## Description of the task
Excerpt from the entries below: please repeat exactly the lines from the one containing "eye-catching backdrop decorations." through the last one, both ends included, with no pictures.

## Data excerpts

§ §

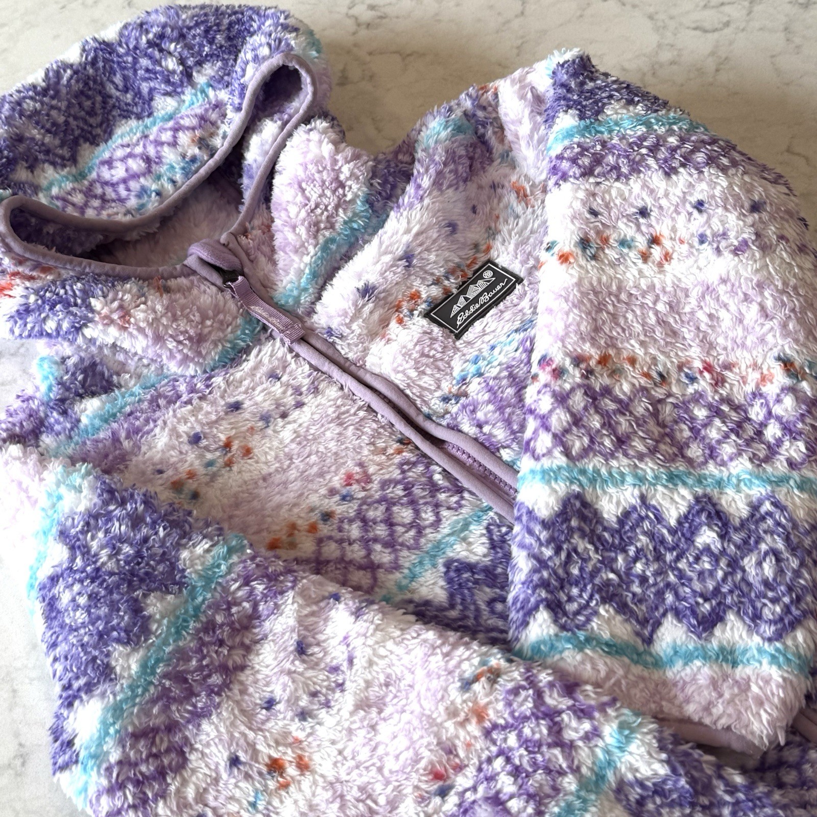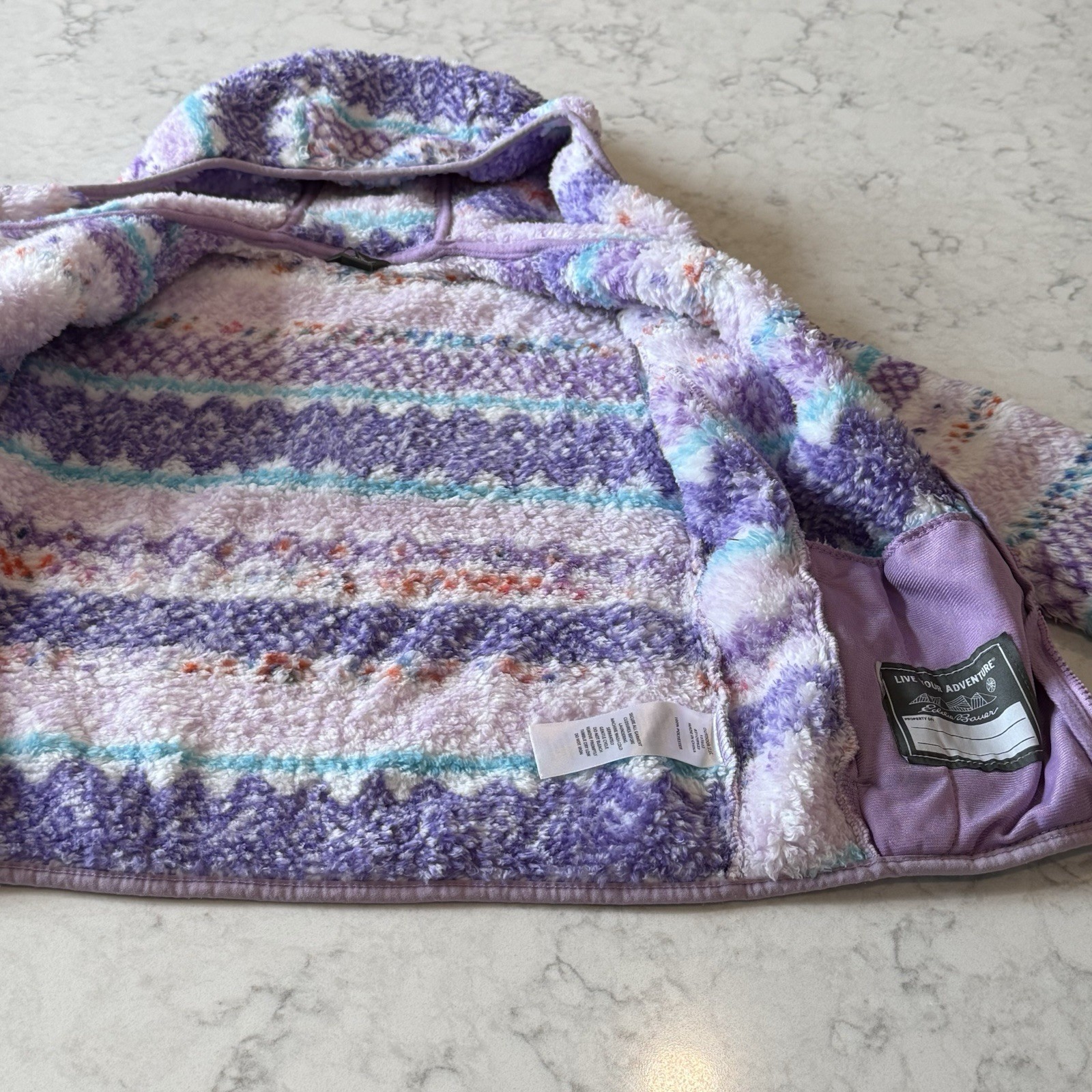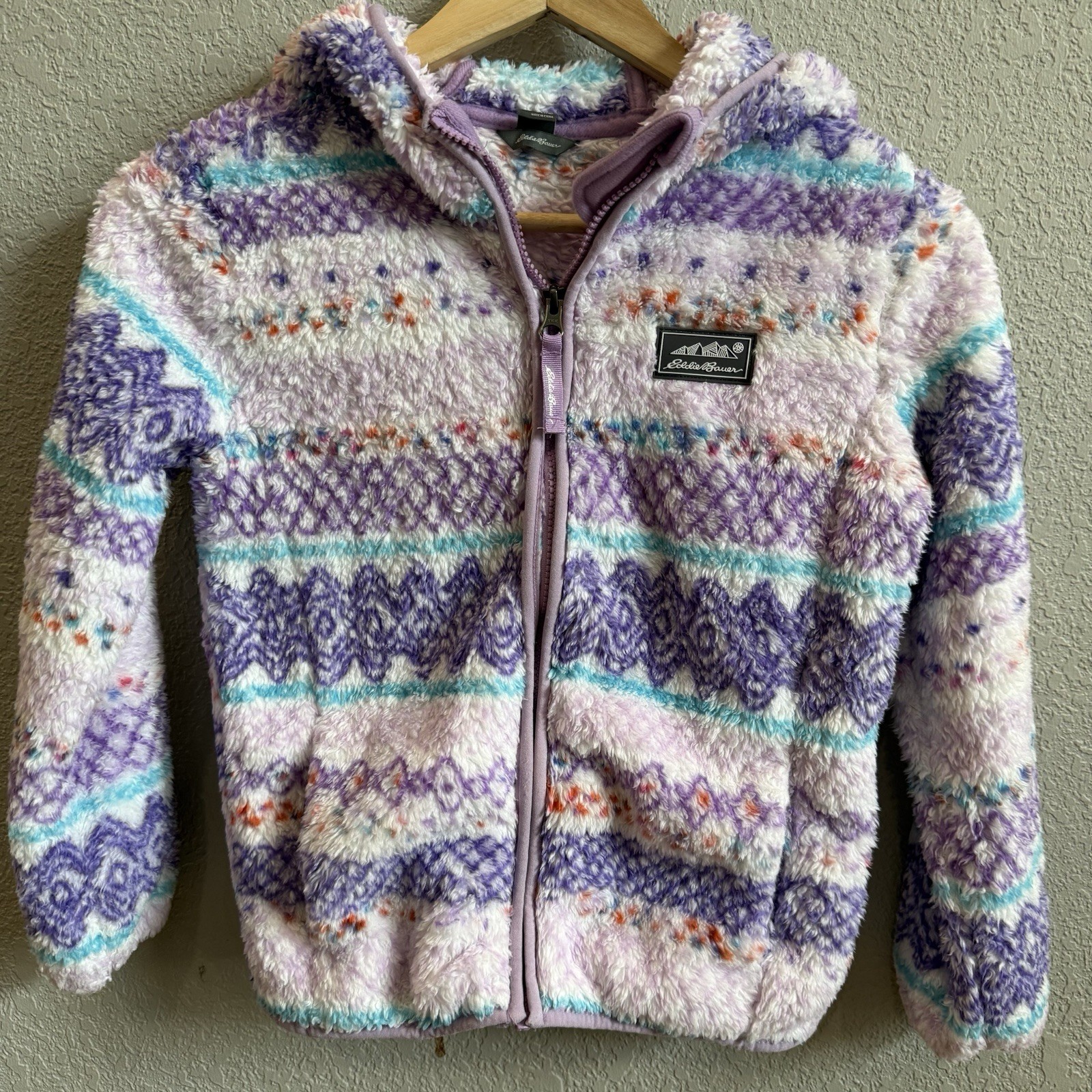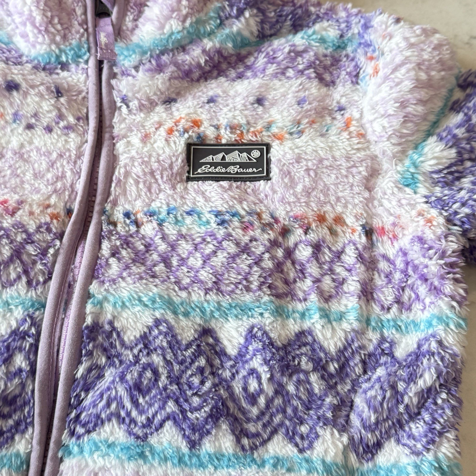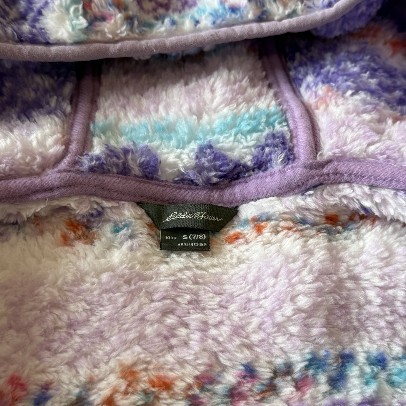 Eddie Bauer Kids Sherpa Fleece Full-zip Hooded Jacket S 7-8 PinkPurpleTurquoise
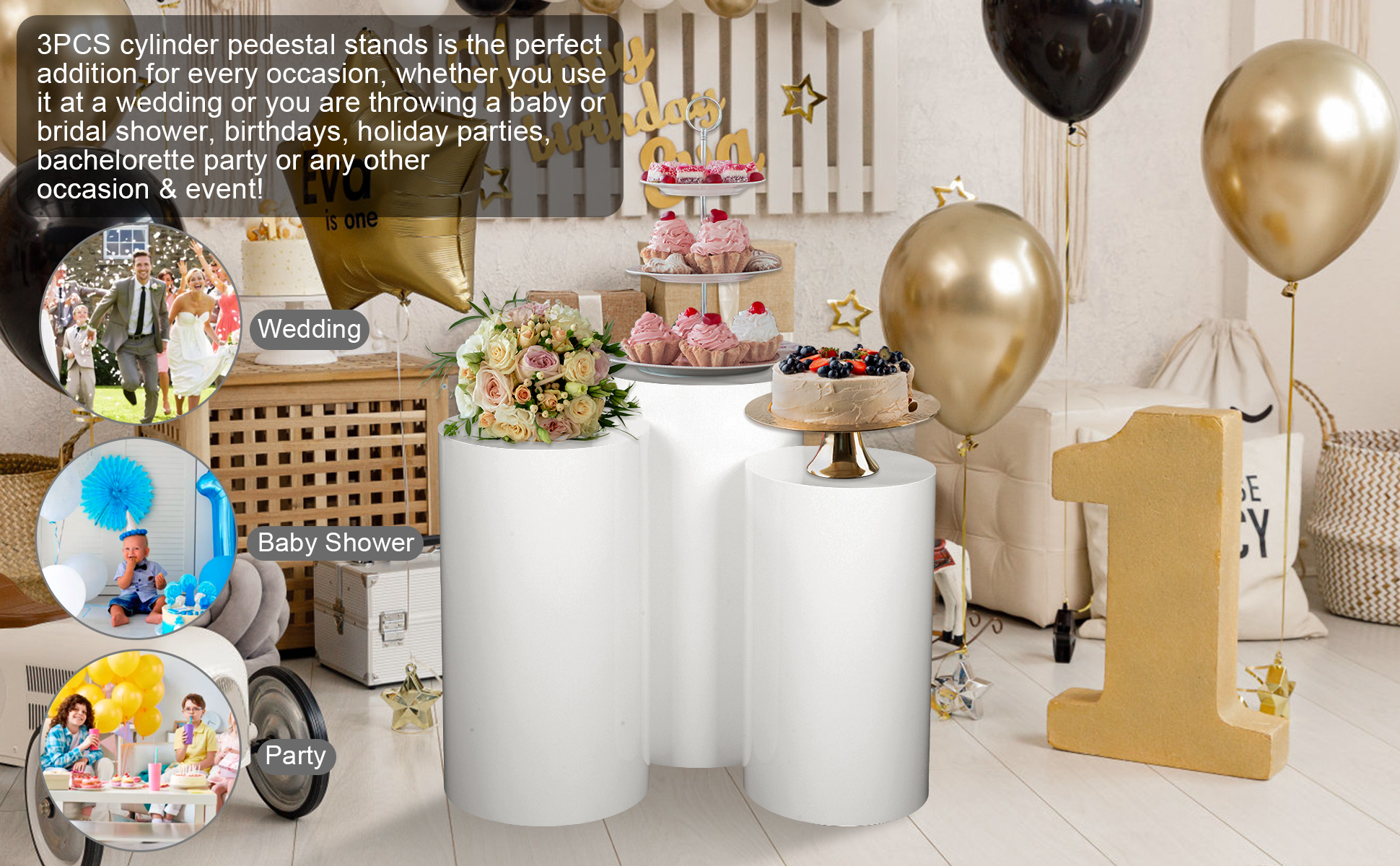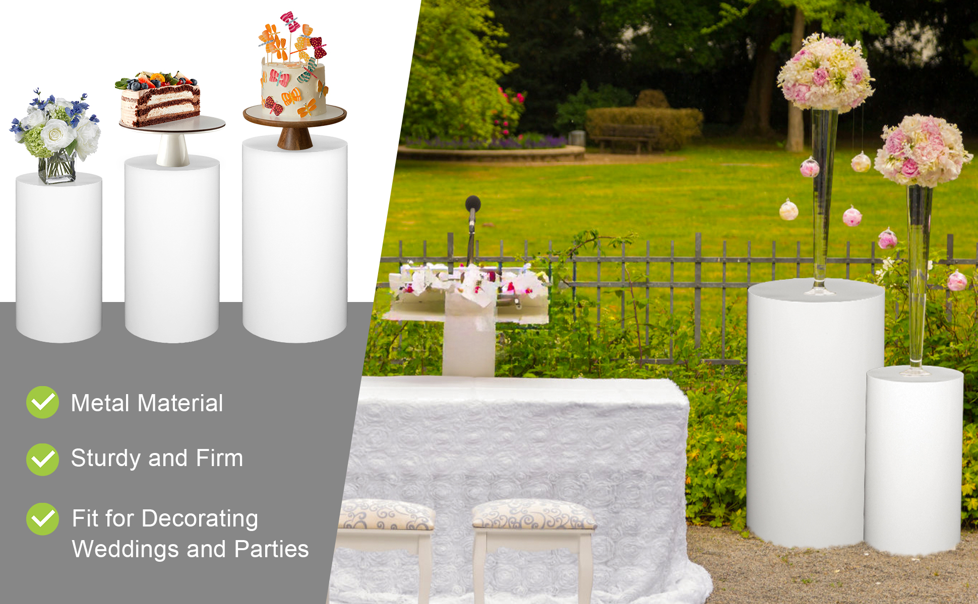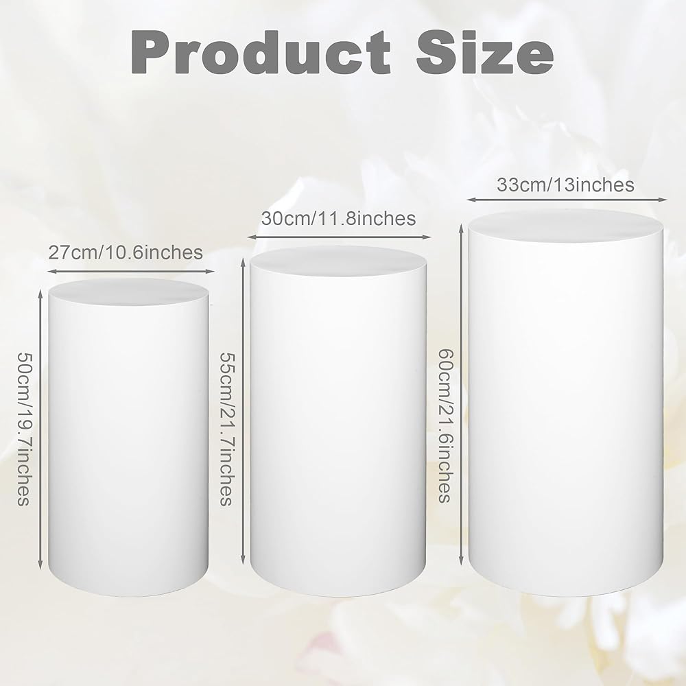 【Wide Application】The cylinder pedestal stand set is ideal for birthday parties, weddings, baby showers, bridal showers, anniversaries, and family gatherings, these pedestal stands covers serve as eye-catching backdrop decorations.
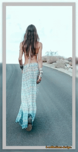 Контентын тайлбар: a woman in a blue and white dress is walking down a road with a border that says b-collections design
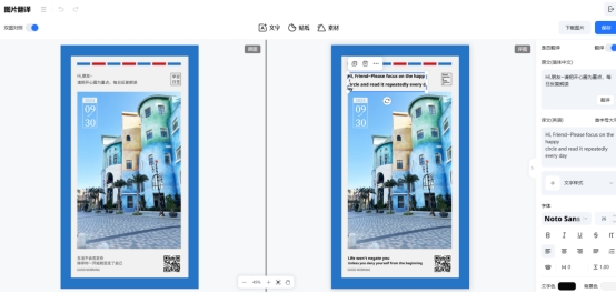 最后,单击【立即翻译】按钮,系统会对原图进行翻译及替换,并保持图片原有的字体、颜色和排版布局。
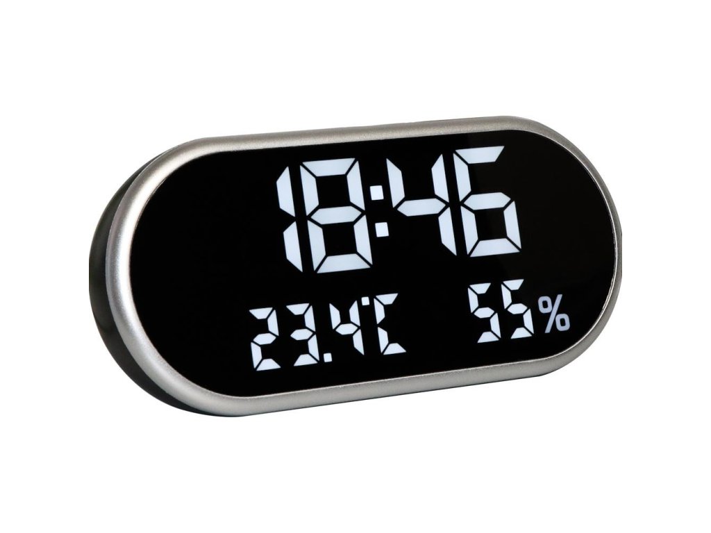 Digitální LED budík s ukazatelem teploty a vlhkosti. Displej má vzhled zrcadla.

§ §

## Your solution
 【Wide Application】The cylinder pedestal stand set is ideal for birthday parties, weddings, baby showers, bridal showers, anniversaries, and family gatherings, these pedestal stands covers serve as eye-catching backdrop decorations.
 Контентын тайлбар: a woman in a blue and white dress is walking down a road with a border that says b-collections design
 最后,单击【立即翻译】按钮,系统会对原图进行翻译及替换,并保持图片原有的字体、颜色和排版布局。
 Digitální LED budík s ukazatelem teploty a vlhkosti. Displej má vzhled zrcadla.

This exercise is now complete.